ASSIGNED TASK:
The expected output is the full data, repeated exactly, without pictures.

DATA TO PROCESS:
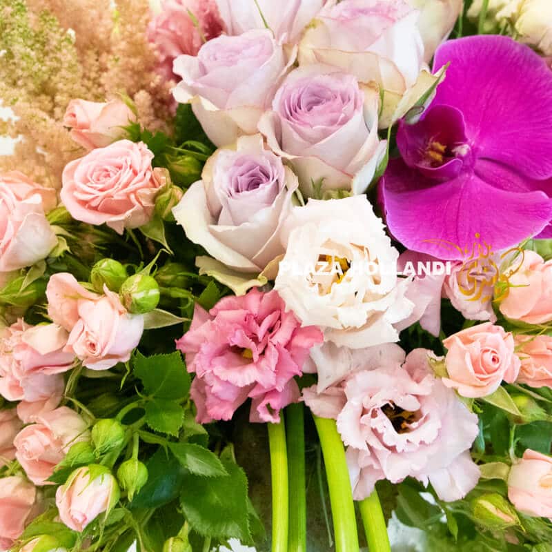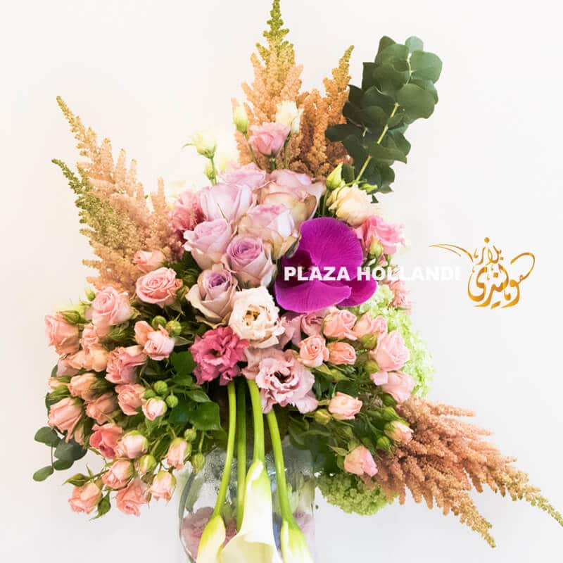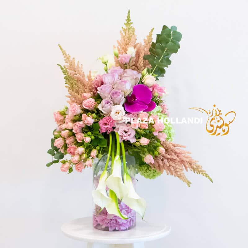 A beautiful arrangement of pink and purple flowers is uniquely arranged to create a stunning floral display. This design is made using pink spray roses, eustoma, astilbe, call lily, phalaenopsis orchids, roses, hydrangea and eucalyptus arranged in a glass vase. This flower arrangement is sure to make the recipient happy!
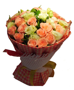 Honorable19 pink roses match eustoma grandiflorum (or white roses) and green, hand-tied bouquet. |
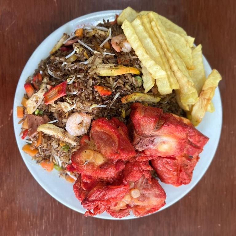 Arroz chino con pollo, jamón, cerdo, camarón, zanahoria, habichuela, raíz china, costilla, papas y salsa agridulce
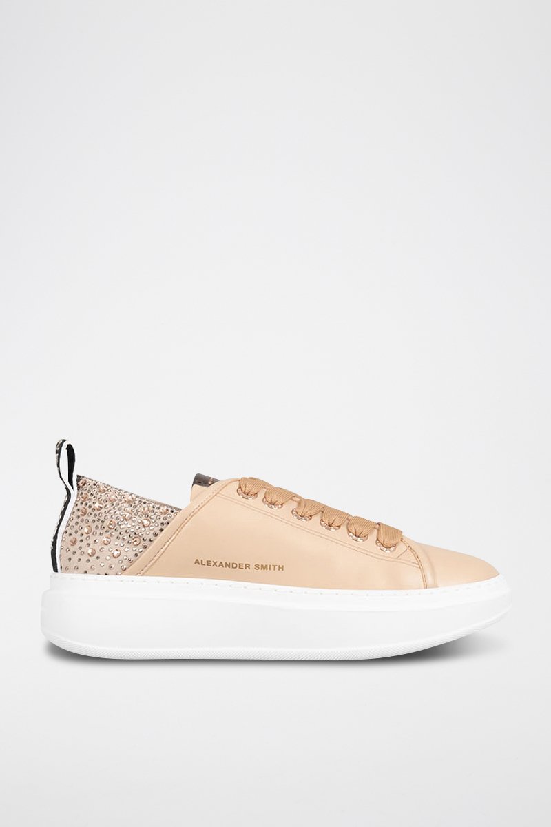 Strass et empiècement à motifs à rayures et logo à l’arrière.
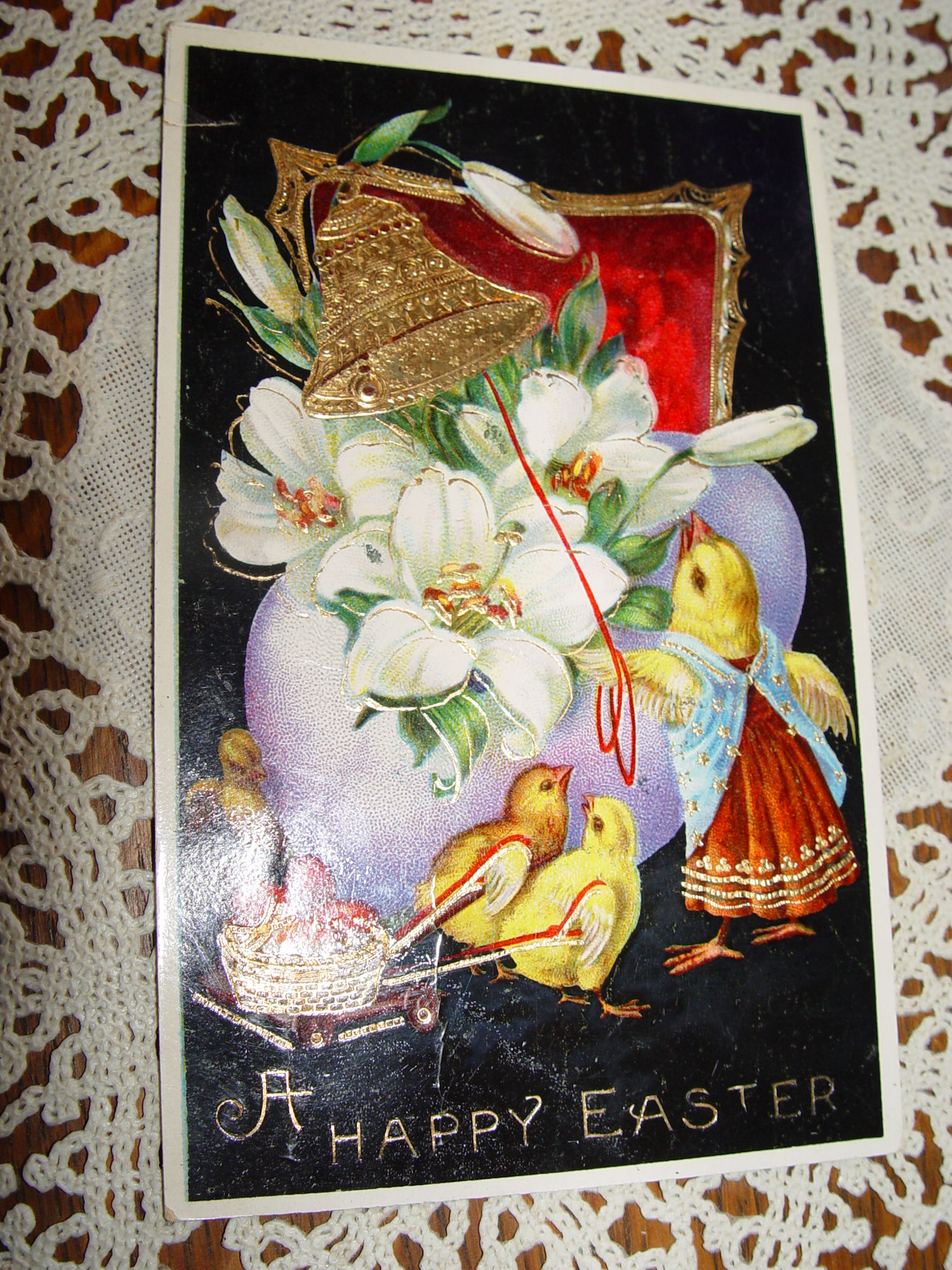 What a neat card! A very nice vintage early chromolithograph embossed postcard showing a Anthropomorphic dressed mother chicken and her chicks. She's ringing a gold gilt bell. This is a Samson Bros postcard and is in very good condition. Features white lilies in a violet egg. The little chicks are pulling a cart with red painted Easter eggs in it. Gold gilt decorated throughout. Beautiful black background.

RESULT OF THE TASK:
 A beautiful arrangement of pink and purple flowers is uniquely arranged to create a stunning floral display. This design is made using pink spray roses, eustoma, astilbe, call lily, phalaenopsis orchids, roses, hydrangea and eucalyptus arranged in a glass vase. This flower arrangement is sure to make the recipient happy!
 Honorable19 pink roses match eustoma grandiflorum (or white roses) and green, hand-tied bouquet. |
 Arroz chino con pollo, jamón, cerdo, camarón, zanahoria, habichuela, raíz china, costilla, papas y salsa agridulce
 Strass et empiècement à motifs à rayures et logo à l’arrière.
 What a neat card! A very nice vintage early chromolithograph embossed postcard showing a Anthropomorphic dressed mother chicken and her chicks. She's ringing a gold gilt bell. This is a Samson Bros postcard and is in very good condition. Features white lilies in a violet egg. The little chicks are pulling a cart with red painted Easter eggs in it. Gold gilt decorated throughout. Beautiful black background.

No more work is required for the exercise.